▶ **WHAT IS BEING ASKED**
The entries below contain a line with "見た目がドライスーツっぽいか" and a line with "Мясо 53,5 %". Retype exactly everything from the first down to the second, both included, and nothing else.

▶ **RECORDS FOR THE TASK**
◇ ◇ ◇ ◇ ◇

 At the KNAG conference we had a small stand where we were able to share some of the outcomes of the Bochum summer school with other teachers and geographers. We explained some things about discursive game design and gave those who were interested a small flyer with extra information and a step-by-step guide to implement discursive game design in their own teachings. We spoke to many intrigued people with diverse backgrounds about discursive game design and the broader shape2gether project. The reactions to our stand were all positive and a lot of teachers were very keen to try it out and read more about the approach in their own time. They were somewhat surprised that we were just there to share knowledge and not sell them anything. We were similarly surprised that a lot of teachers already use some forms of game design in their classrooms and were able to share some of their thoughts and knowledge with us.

◇ ◇ ◇ ◇ ◇

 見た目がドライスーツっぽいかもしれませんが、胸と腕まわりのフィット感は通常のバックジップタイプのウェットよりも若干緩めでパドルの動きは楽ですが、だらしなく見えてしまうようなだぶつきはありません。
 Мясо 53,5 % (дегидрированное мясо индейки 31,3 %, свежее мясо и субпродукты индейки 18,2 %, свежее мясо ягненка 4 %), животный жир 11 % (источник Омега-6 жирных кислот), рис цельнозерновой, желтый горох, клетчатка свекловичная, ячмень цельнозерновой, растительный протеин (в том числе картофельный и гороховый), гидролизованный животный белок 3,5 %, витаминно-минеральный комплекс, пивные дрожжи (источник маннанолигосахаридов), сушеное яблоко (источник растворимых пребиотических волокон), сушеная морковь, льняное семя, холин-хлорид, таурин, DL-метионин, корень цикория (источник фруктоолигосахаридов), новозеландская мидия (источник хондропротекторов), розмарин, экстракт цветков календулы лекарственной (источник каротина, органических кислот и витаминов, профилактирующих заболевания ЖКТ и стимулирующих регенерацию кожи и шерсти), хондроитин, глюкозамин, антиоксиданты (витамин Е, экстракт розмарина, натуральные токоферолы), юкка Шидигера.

◇ ◇ ◇ ◇ ◇

▶ **YOUR RESPONSE**
 見た目がドライスーツっぽいかもしれませんが、胸と腕まわりのフィット感は通常のバックジップタイプのウェットよりも若干緩めでパドルの動きは楽ですが、だらしなく見えてしまうようなだぶつきはありません。
 Мясо 53,5 % (дегидрированное мясо индейки 31,3 %, свежее мясо и субпродукты индейки 18,2 %, свежее мясо ягненка 4 %), животный жир 11 % (источник Омега-6 жирных кислот), рис цельнозерновой, желтый горох, клетчатка свекловичная, ячмень цельнозерновой, растительный протеин (в том числе картофельный и гороховый), гидролизованный животный белок 3,5 %, витаминно-минеральный комплекс, пивные дрожжи (источник маннанолигосахаридов), сушеное яблоко (источник растворимых пребиотических волокон), сушеная морковь, льняное семя, холин-хлорид, таурин, DL-метионин, корень цикория (источник фруктоолигосахаридов), новозеландская мидия (источник хондропротекторов), розмарин, экстракт цветков календулы лекарственной (источник каротина, органических кислот и витаминов, профилактирующих заболевания ЖКТ и стимулирующих регенерацию кожи и шерсти), хондроитин, глюкозамин, антиоксиданты (витамин Е, экстракт розмарина, натуральные токоферолы), юкка Шидигера.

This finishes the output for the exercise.